WHAT THE TASK ASKS:
Please repeat, exactly and without pictures, the lines of the entries below that run from the one containing "動的応力を加えると、熱弾性効" through the one containing "Twin Size Wood".

EXERCISE MATERIALS:
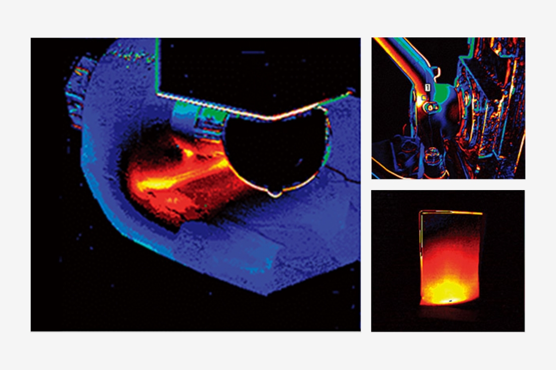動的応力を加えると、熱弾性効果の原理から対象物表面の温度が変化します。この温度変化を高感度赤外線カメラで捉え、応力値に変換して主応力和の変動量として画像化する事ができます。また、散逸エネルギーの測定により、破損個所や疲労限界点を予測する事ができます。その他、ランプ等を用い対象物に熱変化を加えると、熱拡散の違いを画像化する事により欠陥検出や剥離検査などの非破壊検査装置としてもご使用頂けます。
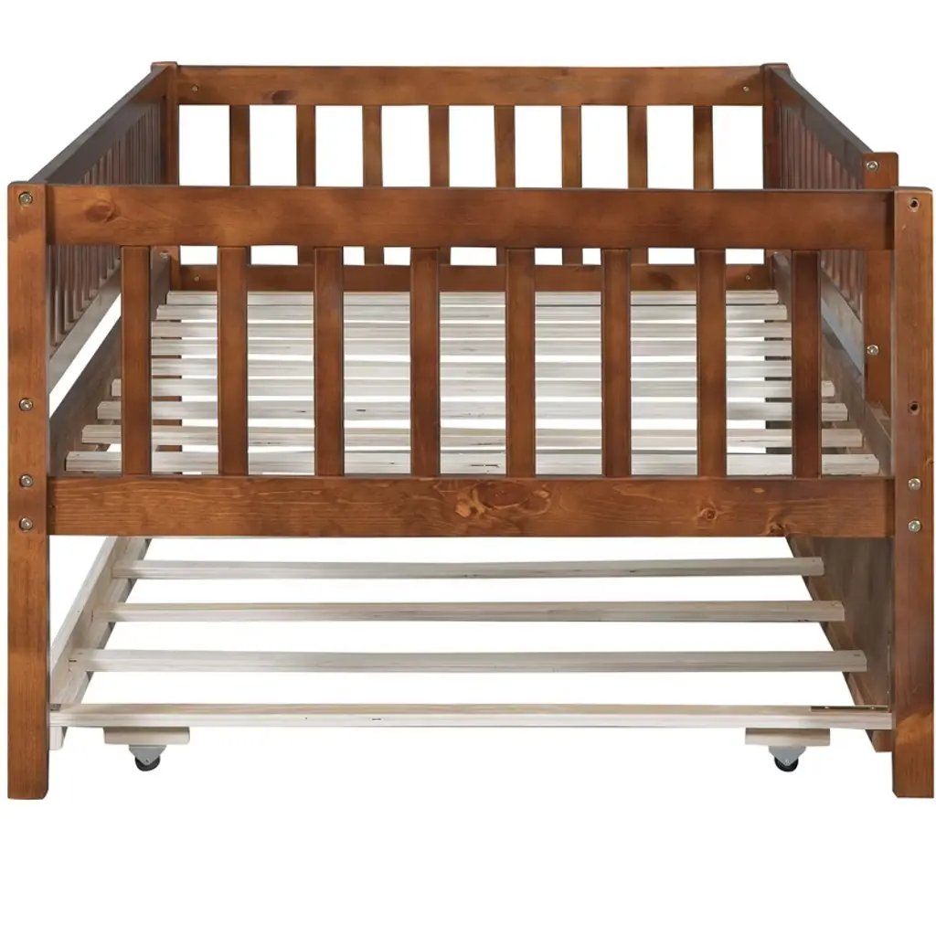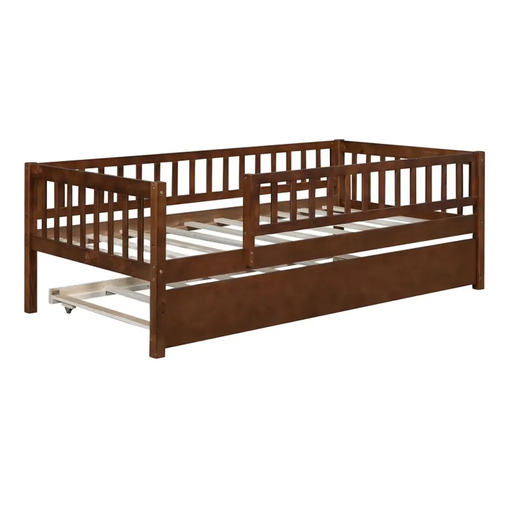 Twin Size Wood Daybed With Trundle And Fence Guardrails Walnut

---

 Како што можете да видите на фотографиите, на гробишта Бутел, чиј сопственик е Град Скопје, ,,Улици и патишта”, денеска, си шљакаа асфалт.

FINISHED TASK:
動的応力を加えると、熱弾性効果の原理から対象物表面の温度が変化します。この温度変化を高感度赤外線カメラで捉え、応力値に変換して主応力和の変動量として画像化する事ができます。また、散逸エネルギーの測定により、破損個所や疲労限界点を予測する事ができます。その他、ランプ等を用い対象物に熱変化を加えると、熱拡散の違いを画像化する事により欠陥検出や剥離検査などの非破壊検査装置としてもご使用頂けます。
 Twin Size Wood Daybed With Trundle And Fence Guardrails Walnut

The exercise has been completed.